Progressive Distillation for Fast Sampling of Diffusion Models
Tim Salimans, Jonathan Ho
Submitted to arXiv on: 1 February 2022
Abstract: Diffusion models have recently shown great promise for generative modeling, outperforming GANs on perceptual quality and autoregressive models at density estimation. A remaining downside is their slow sampling time: generating high quality samples takes many hundreds or thousands of model evaluations. Here we make two contributions to help eliminate this downside: First, we present new parameterizations of diffusion models that provide increased stability when using few sampling steps. Second, we present a method to distill a trained deterministic diffusion sampler, using many steps, into a new diffusion model that takes half as many sampling steps. We then keep progressively applying this distillation procedure to our model, halving the number of required sampling steps each time. On standard image generation benchmarks like CIFAR-10, ImageNet, and LSUN, we start out with state-of-the-art samplers taking as many as 8192 steps, and are able to distill down to models taking as few as 4 steps without losing much perceptual quality; achieving, for example, a FID of 3.0 on CIFAR-10 in 4 steps. Finally, we show that the full progressive distillation procedure does not take more time than it takes to train the original model, thus representing an efficient solution for generative modeling using diffusion at both train and test time.

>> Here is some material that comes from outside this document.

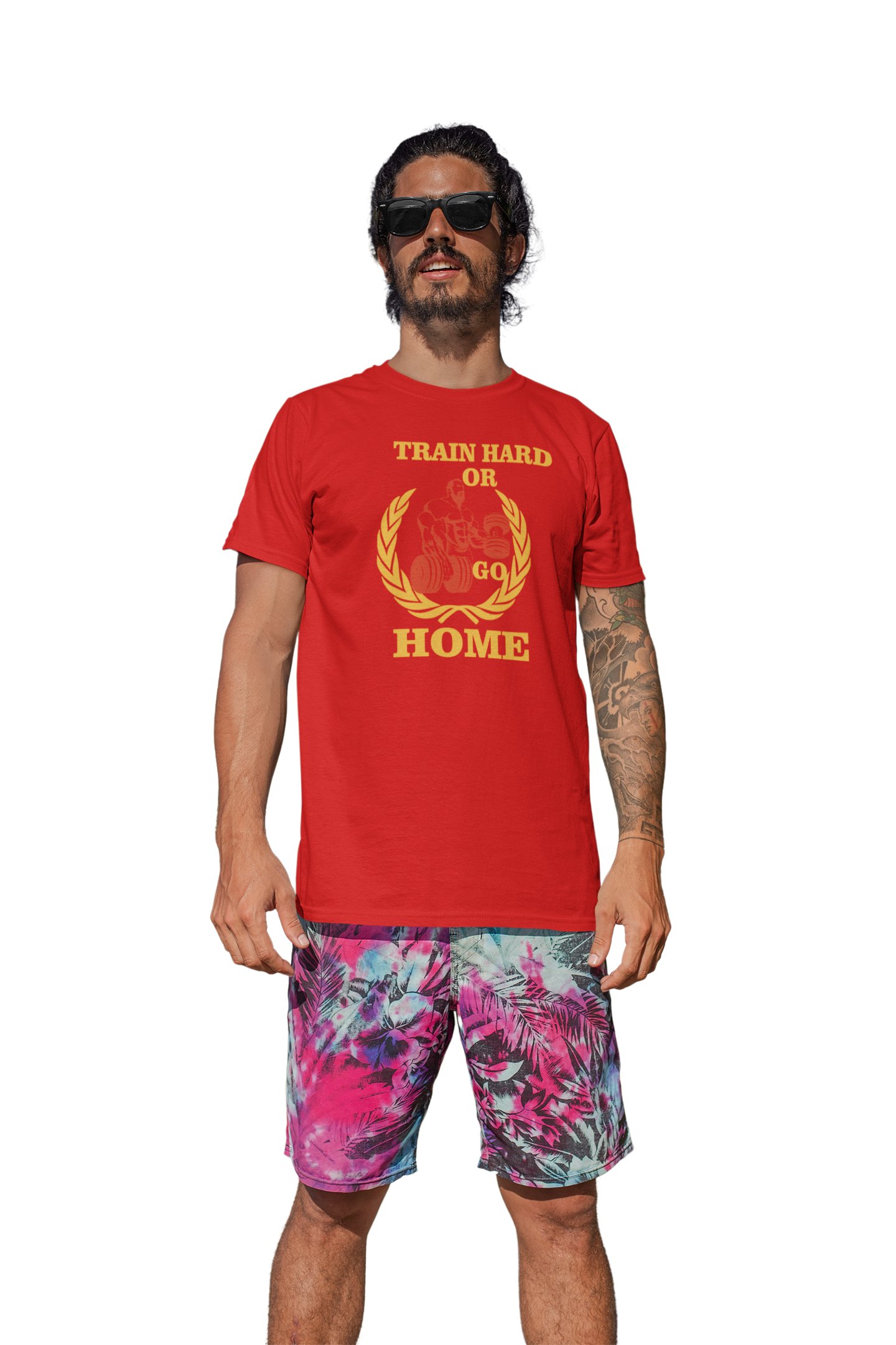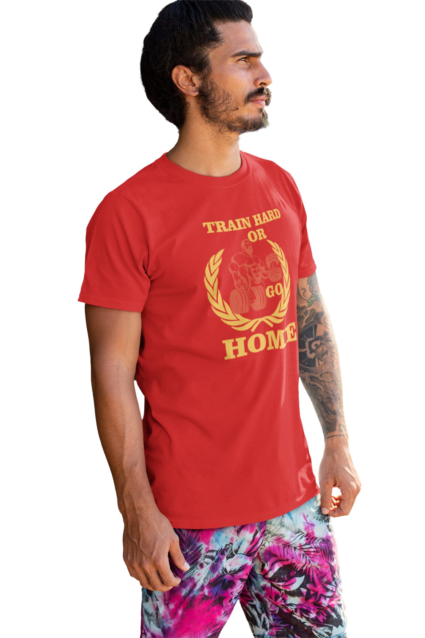 Train Hard or Go Home Round Neck Gym Tshirt (BG Golden and Red) (Red Tshirt) - Clothes for Gym Lovers - Suitable for Gym Going Person - Foremost Gifting Material for Your Friends and Close Ones

MaskGIT: Masked Generative Image Transformer
Huiwen Chang, Han Zhang, Lu Jiang, Ce Liu, William T. Freeman
Submitted to arXiv on: 8 February 2022
Abstract: Generative transformers have experienced rapid popularity growth in the computer vision community in synthesizing high-fidelity and high-resolution images. The best generative transformer models so far, however, still treat an image naively as a sequence of tokens, and decode an image sequentially following the raster scan ordering (i.e. line-by-line). We find this strategy neither optimal nor efficient. This paper proposes a novel image synthesis paradigm using a bidirectional transformer decoder, which we term MaskGIT. During training, MaskGIT learns to predict randomly masked tokens by attending to tokens in all directions. At inference time, the model begins with generating all tokens of an image simultaneously, and then refines the image iteratively conditioned on the previous generation. Our experiments demonstrate that MaskGIT significantly outperforms the state-of-the-art transformer model on the ImageNet dataset, and accelerates autoregressive decoding by up to 64x. Besides, we illustrate that MaskGIT can be easily extended to various image editing tasks, such as inpainting, extrapolation, and image manipulation.